# Iron Mine, South Wales 2012



## Landsker (Apr 1, 2012)

Going to keep this one secret for now as its been sealed up for a while. Im sure some of you will recognize it!

1 





2





3





4





5





6





7





8


----------



## Priority 7 (Apr 2, 2012)

Love the shots especially 3 & 4


----------



## night crawler (Apr 2, 2012)

Priority 7 said:


> Love the shots especially 3 & 4



My sentaments as well, great photo's.


----------



## UEP-Wales (Apr 2, 2012)

Amazing! No idea where this place is but bloody amazing!


----------



## chizyramone (Apr 2, 2012)

Aww, nice one walsh.

Stunning pictures my boy


----------



## cogito (Apr 2, 2012)

I've been meaning to go back here to get a photo of the Geode chamber, still yet to see any photos of it!

Looks like you went at a good time of day with the sun lighting up the pool nicely.


----------



## Landsker (Apr 2, 2012)

cogito said:


> I've been meaning to go back here to get a photo of the Geode chamber, still yet to see any photos of it!
> 
> Looks like you went at a good time of day with the sun lighting up the pool nicely.



Was that up past the pump, with an arrow pointing into it?


----------



## flyboys90 (Apr 3, 2012)

Great photos,thanks for sharing.


----------



## Winch It In (Apr 3, 2012)

Fab photo's walsh.


----------



## Flexible (Apr 4, 2012)

Aw maaan!! Those pics are superb. 1 to 4 hit the spot for me - great colours. Thanks.


----------



## cogito (Apr 4, 2012)

walsh said:


> Was that up past the pump, with an arrow pointing into it?



About half way along the main drift from what I remember, that could even be the hole into it in the last photo looking at it. Was several years ago now!

I remember standing at an awkward angle poking my head and shoulders in and gawping in amazement, getting a tripod in position would be difficult in all fairness!


----------



## Landsker (Apr 4, 2012)

cogito said:


> About half way along the main drift from what I remember, that could even be the hole into it in the last photo looking at it. Was several years ago now!
> 
> I remember standing at an awkward angle poking my head and shoulders in and gawping in amazement, getting a tripod in position would be difficult in all fairness!

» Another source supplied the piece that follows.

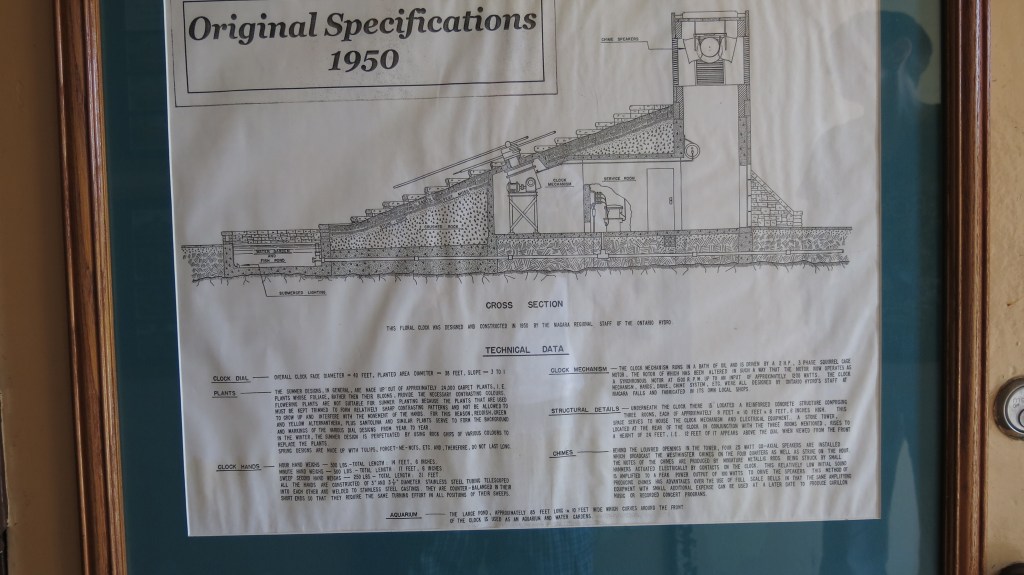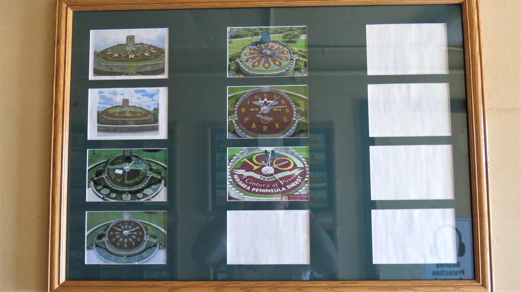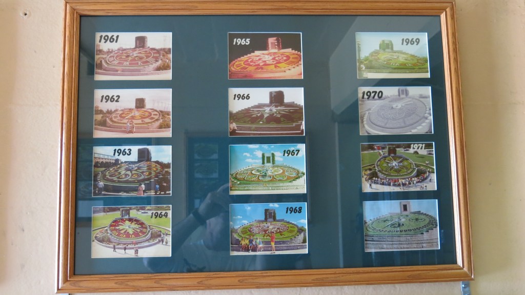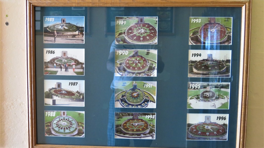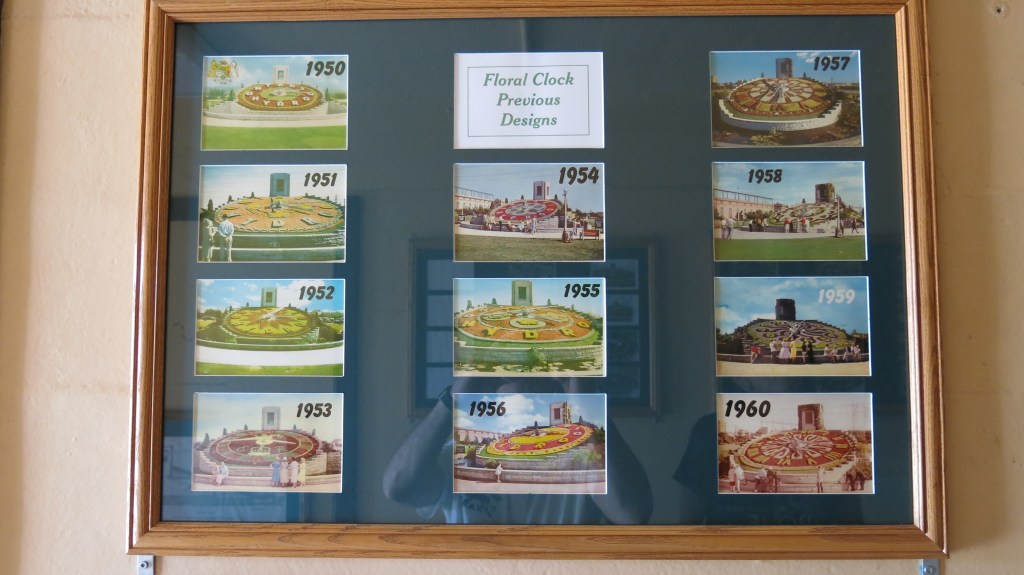 One year we visited and found the door to the clock’s mechanical room open. Inside the room we saw these photos placed inside picture frames showing the floral clocks from years 1950 to the year we made this visit in 2016.

That could be it, thats about half way on the way back out.


----------



## SeffyboyUK (Apr 5, 2012)

Very nice pictures there


----------



## the|td4 (Apr 5, 2012)

I usually hate these mine reports because they give me nightmares of being trapped in the earth but this one is the first I've read where it looks spacious enough not to send me flying into a panic! lol


nice pics thanks for posting!


----------



## sheep2405 (Apr 8, 2012)

How has it been sealed up, we been there regularly either rope in or through main doors?


----------



## Landsker (Apr 8, 2012)

sheep2405 said:


> How has it been sealed up, we been there regularly either rope in or through main doors?



Padlocked on the main door, at least it was two months ago apparently.


----------



## sheep2405 (Apr 9, 2012)

You could borrow the key if you you pm me.


----------